Within the enclosure stand the remains of an earlier church, recorded separately in the archaeological survey record, which give the graveyard its deeper context. Particularly curious are the architectural mouldings found to the south-east of the church ruin, repurposed as grave markers. These are carved or shaped stone elements, likely salvaged from the church fabric itself as the building fell into disrepair, then set to a new purpose among the burials. It is a practical form of recycling with a certain solemnity to it, the building's own stonework pressed into service to mark the people interred in its shadow. The site was surveyed in 1992 by Egan and the record was later compiled by Geraldine Stout and updated by Christine Baker in 2014.

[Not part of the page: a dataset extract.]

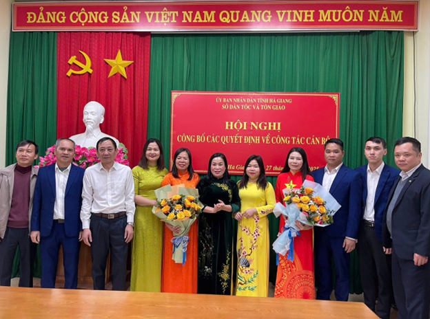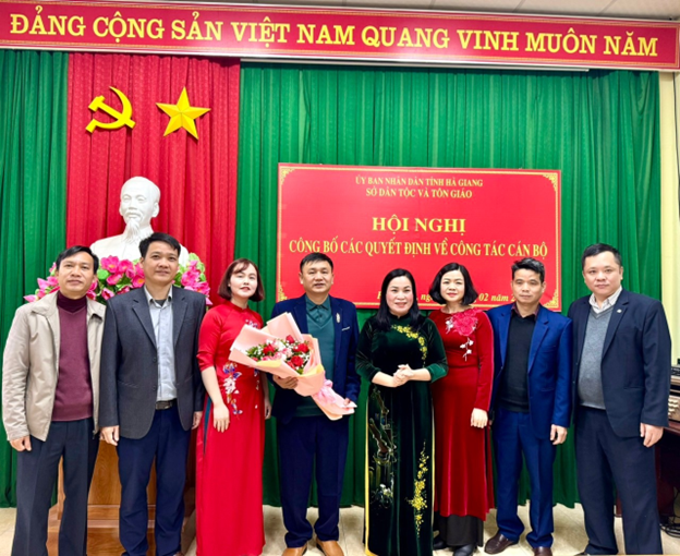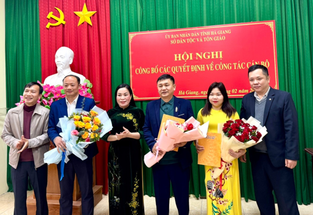 Tại hội nghị, Đồng chí Trịnh Thị Thúy Hằng, Phó Chánh Văn phòng Sở đã Thông qua Quyết định số 17/QĐ-UBND ngày 25 tháng 02 năm 2025 của Ủy ban nhân dân tỉnh Quy định cụ thể chức năng, nhiệm vụ, quyền hạn và cơ cấu tổ chức của Sở Dân tộc và Tôn giáo tỉnh Hà Giang. Công bố các Quyết định tiếp nhận, điều động, bổ nhiệm lãnh đạo các phòng chuyên môn thuộc Sở: Bà Sầm Thị Dương Trưởng phòng Nghiệp vụ I giữ chức vụ Chánh Văn Phòng; Ông Đinh Ngọc Hải,Trưởng phòng Nghiệp vụ II giữ chức vụ Trưởng phòng Kế hoạch - Tổng hợp; Ông Bùi Vàng Hải Thiệp Phó Trưởng phòng Nghiệp vụ I giữ chức vụ Phó Trưởng Phòng, phụ trách Phòng Chính sách; Ông Nông Phúc Hậu Trưởng phòng Quản lý Tín ngưỡng, Tôn giáo của Sở Nội vụ giữ chức vụ Trưởng Phòng Quản lý Tín ngưỡng, Tôn giáo Thuộc Sở Ban Tộc và Tôn giáo tỉnh Hà Giang và các Quyết định tiếp nhận, điều động và phân công tác đối với các đồng chí là cán bộ, công chức, người lao động thuộc Sở Dân tộc và Tôn giáo.

The graveyard sits off a laneway that runs along its southern boundary, and new housing has grown up immediately to the east, giving the place an oddly layered quality, old burial ground and modern suburb in close proximity. The open setting means the views across the north Dublin countryside are relatively clear, worth pausing over. Visitors looking closely among the grave markers should keep an eye out for those repurposed architectural stones to the south-east of the church remains; they are easy to overlook if you are not specifically watching for them, but they reward the attentive.